DATA SECTION =
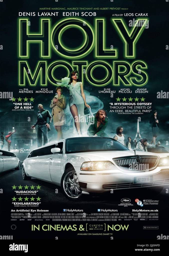 Here is M. Oscar transforming a fashion model (Eva Mendes) into a Muslim woman concealed within her costume. And that’s not all that happens to her, although she adheres to the model’s code and never betrays emotions or opinions. Her job is to embody a beautiful object for the purposes of others. Their travels through the city lead to the roof of the Samaritaine department store, producing stunning vistas of Paris.Celine (Edith Scob), his reserved chauffeur, seems long accustomed to her role. Once she expresses concern that M. Oscar hasn’t eaten all day. Their day began at dawn and lasts far into the night, one “appointment” after another.This has been a year of leading roles for limousines. M. Oscar’s car upstages the limousine in David Cronenberg’s “Cosmopolis,” and the journeys of both cars seem to be odysseys through their cities, for purposes not very clear to the audience. “Holy Motors” is the more entertaining and funny of the two, although some parts are not funny at all, and many laughs are of disbelief or incredulity. Both end with their limousines going home for the night, answering a question asked in “Cosmopolis,” although when the limo in “Holy Motors” gets home, its day is far from over.Here is a film that is exasperating, frustrating, anarchic and in a constant state of renewal. It’s not tame. Some audience members are going to grow very restless. My notion is, few will be bored.
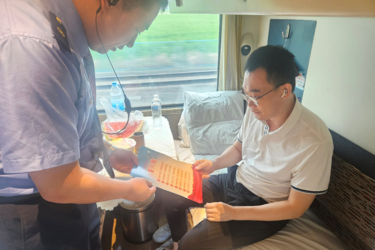 為了讓旅客也參與到安全行動中來,乘務(wù)員們化身安全宣傳員,穿梭在各個車廂為旅客發(fā)放安全知識宣傳單,不斷強(qiáng)化旅客的安全意識。
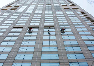 外墙清洗一般分为玻璃幕墙清洗、外墙玻璃窗清洗、外墙石材墙面清洗、外墙涂料墙面清洗、外墙瓷砖墙面清洗、外墙条砖清洗、阳光棚外墙清洗、铝塑板墙面清洗,特种清洗。 所有的高层建筑物外墙,由于常年日晒和风吹雨打,以及大气中有害的气体和油烟等污染和化学反应的侵蚀,使得建筑物外墙产生了污垢和风化,既影响了建筑物的标致和市容,又损坏了建筑物。因此,清洗建筑物的外墙,不仅美化了环境,而且起到了保护建筑物的作用。
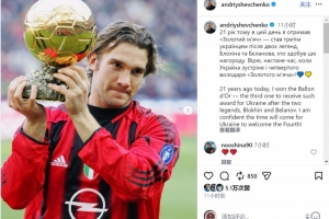 舍甫琴科社媒晒出自己与金球奖杯的合照,配文:“21年前的今天,我赢得金球奖,成为继布洛欣和别拉诺夫之后,第三位获得这一奖项的乌克兰球员。我相信乌克兰终会迎来第四位金球奖得主!”
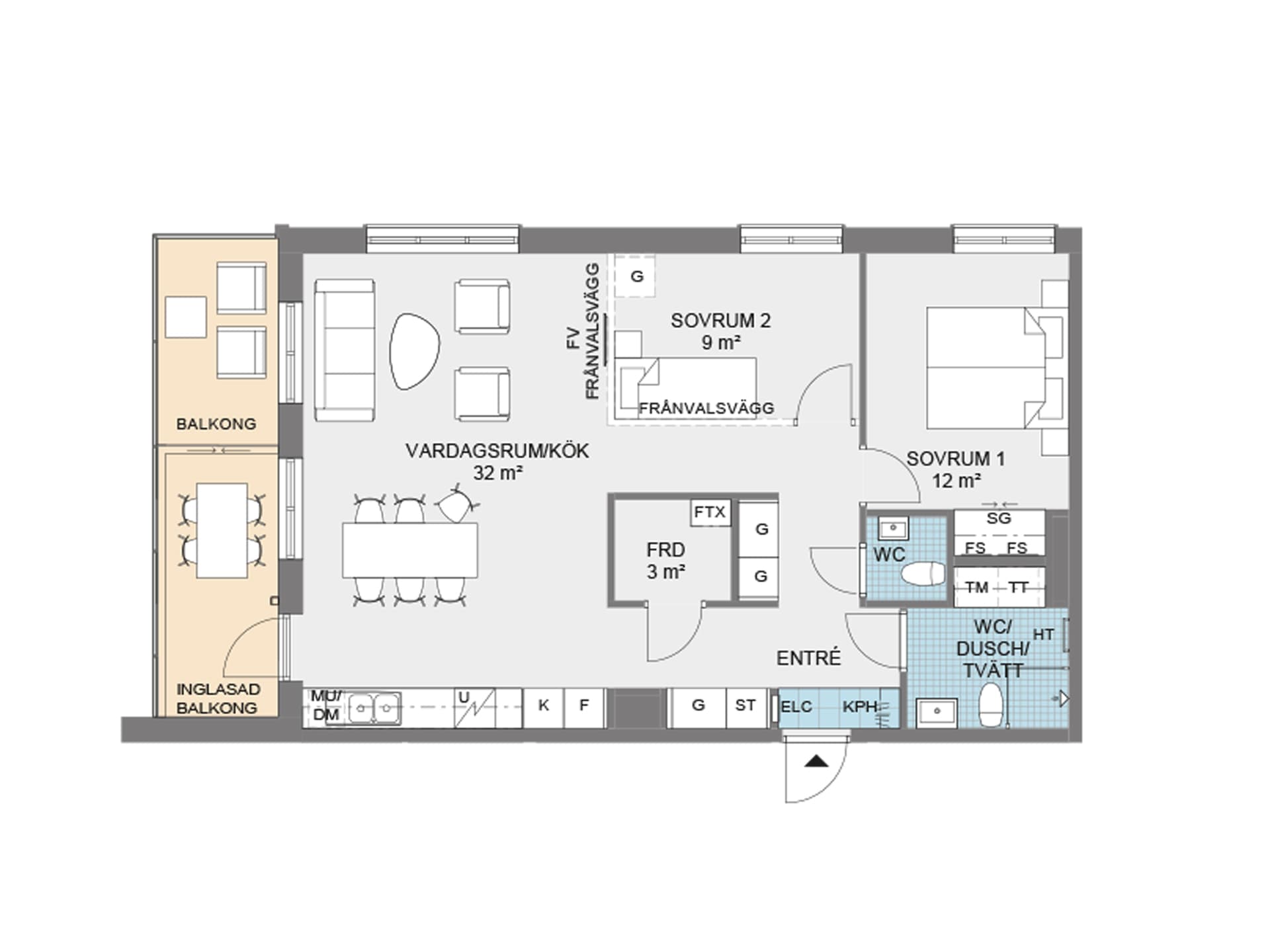 Till vänster har du det välutrustade köket med en rymlig matplats i öppen planlösning mot vardagsrummet. Härifrån når du också den härliga balkongen i västerläge och tack vare den inglasade delen kan du verkligen njuta av kvällarna här.
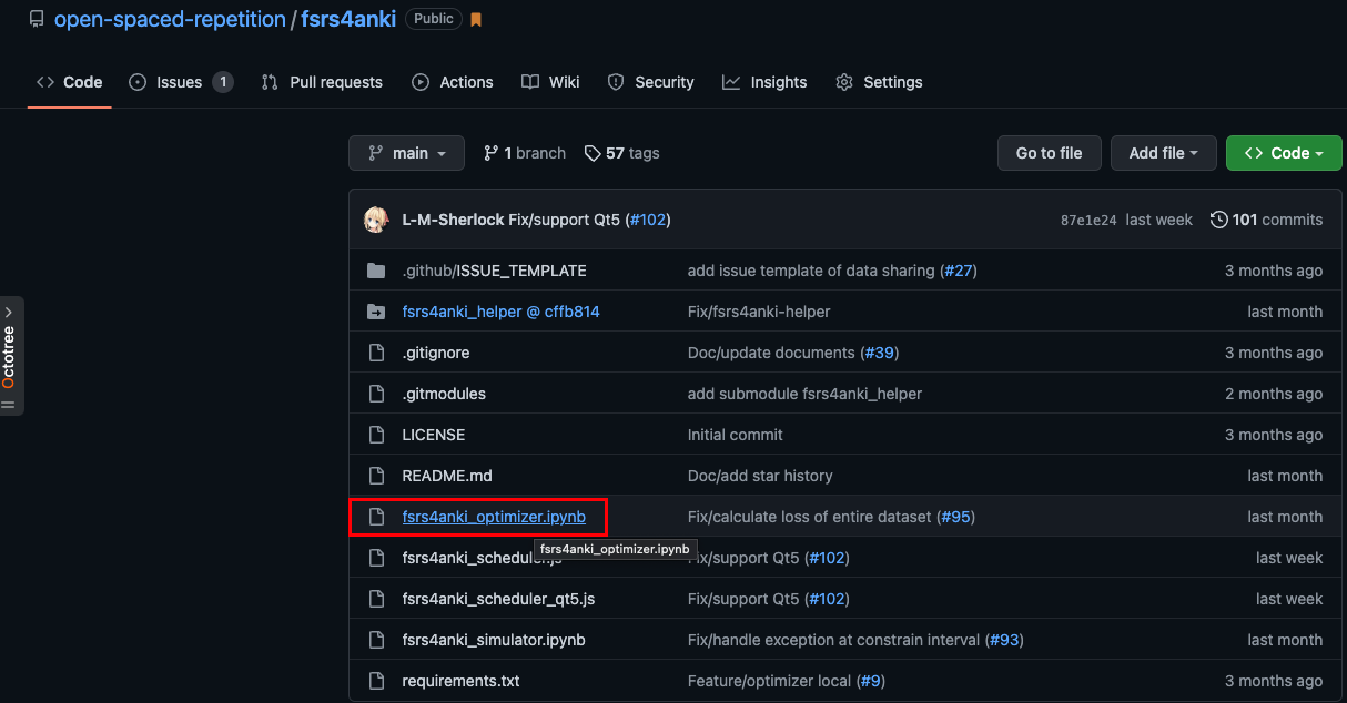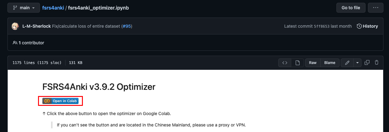fsrs4anki 仓库 -> fsrs4anki_optimizer.ipynb -> Open in Colab
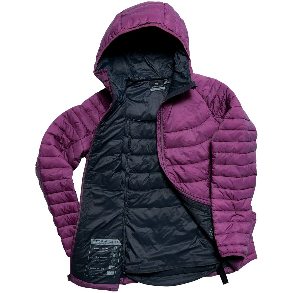 Эргономичная и ультралегкая куртка с капюшоном складывается в карман, расположенный внутри на спинке, и превращается в дорожную подушку.
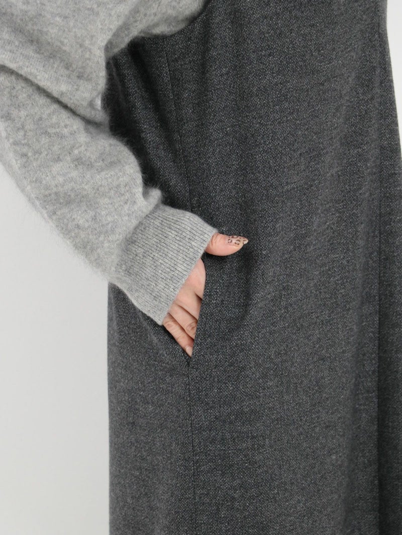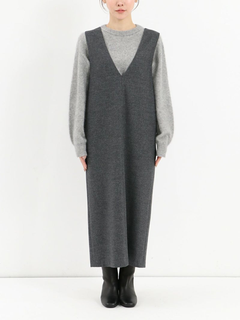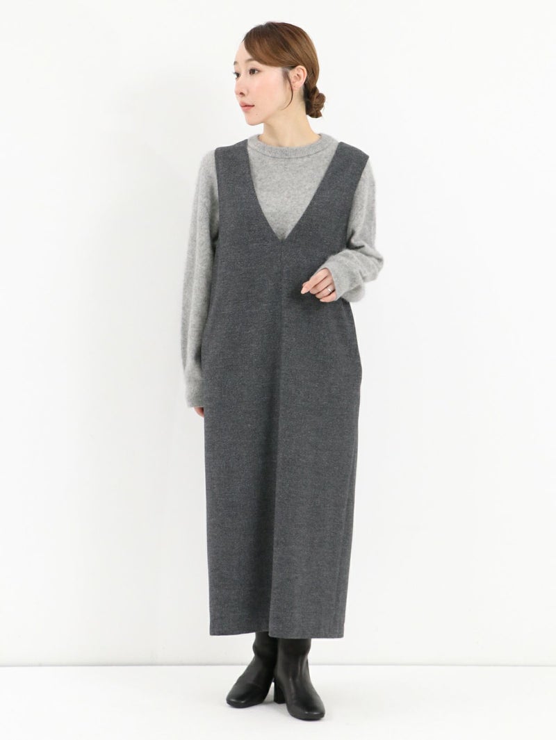 カシミアタッチな着心地が特徴のVネックワンピース。 裏表どちらも起毛させることで、空気を含んだような柔らかさと高い保温性が魅力。顔周りをスッキリと見せてくれるVネックデザインは、インナー次第でキレイめにもカジュアルにも◎

THE TASK = Reproduce each entry exactly as given; no pictures, please.

RESULT FOR THIS EXERCISE =
 Here is M. Oscar transforming a fashion model (Eva Mendes) into a Muslim woman concealed within her costume. And that’s not all that happens to her, although she adheres to the model’s code and never betrays emotions or opinions. Her job is to embody a beautiful object for the purposes of others. Their travels through the city lead to the roof of the Samaritaine department store, producing stunning vistas of Paris.Celine (Edith Scob), his reserved chauffeur, seems long accustomed to her role. Once she expresses concern that M. Oscar hasn’t eaten all day. Their day began at dawn and lasts far into the night, one “appointment” after another.This has been a year of leading roles for limousines. M. Oscar’s car upstages the limousine in David Cronenberg’s “Cosmopolis,” and the journeys of both cars seem to be odysseys through their cities, for purposes not very clear to the audience. “Holy Motors” is the more entertaining and funny of the two, although some parts are not funny at all, and many laughs are of disbelief or incredulity. Both end with their limousines going home for the night, answering a question asked in “Cosmopolis,” although when the limo in “Holy Motors” gets home, its day is far from over.Here is a film that is exasperating, frustrating, anarchic and in a constant state of renewal. It’s not tame. Some audience members are going to grow very restless. My notion is, few will be bored.
 為了讓旅客也參與到安全行動中來,乘務(wù)員們化身安全宣傳員,穿梭在各個車廂為旅客發(fā)放安全知識宣傳單,不斷強(qiáng)化旅客的安全意識。
 外墙清洗一般分为玻璃幕墙清洗、外墙玻璃窗清洗、外墙石材墙面清洗、外墙涂料墙面清洗、外墙瓷砖墙面清洗、外墙条砖清洗、阳光棚外墙清洗、铝塑板墙面清洗,特种清洗。 所有的高层建筑物外墙,由于常年日晒和风吹雨打,以及大气中有害的气体和油烟等污染和化学反应的侵蚀,使得建筑物外墙产生了污垢和风化,既影响了建筑物的标致和市容,又损坏了建筑物。因此,清洗建筑物的外墙,不仅美化了环境,而且起到了保护建筑物的作用。
 舍甫琴科社媒晒出自己与金球奖杯的合照,配文:“21年前的今天,我赢得金球奖,成为继布洛欣和别拉诺夫之后,第三位获得这一奖项的乌克兰球员。我相信乌克兰终会迎来第四位金球奖得主!”
 Till vänster har du det välutrustade köket med en rymlig matplats i öppen planlösning mot vardagsrummet. Härifrån når du också den härliga balkongen i västerläge och tack vare den inglasade delen kan du verkligen njuta av kvällarna här.
fsrs4anki 仓库 -> fsrs4anki_optimizer.ipynb -> Open in Colab
 Эргономичная и ультралегкая куртка с капюшоном складывается в карман, расположенный внутри на спинке, и превращается в дорожную подушку.
 カシミアタッチな着心地が特徴のVネックワンピース。 裏表どちらも起毛させることで、空気を含んだような柔らかさと高い保温性が魅力。顔周りをスッキリと見せてくれるVネックデザインは、インナー次第でキレイめにもカジュアルにも◎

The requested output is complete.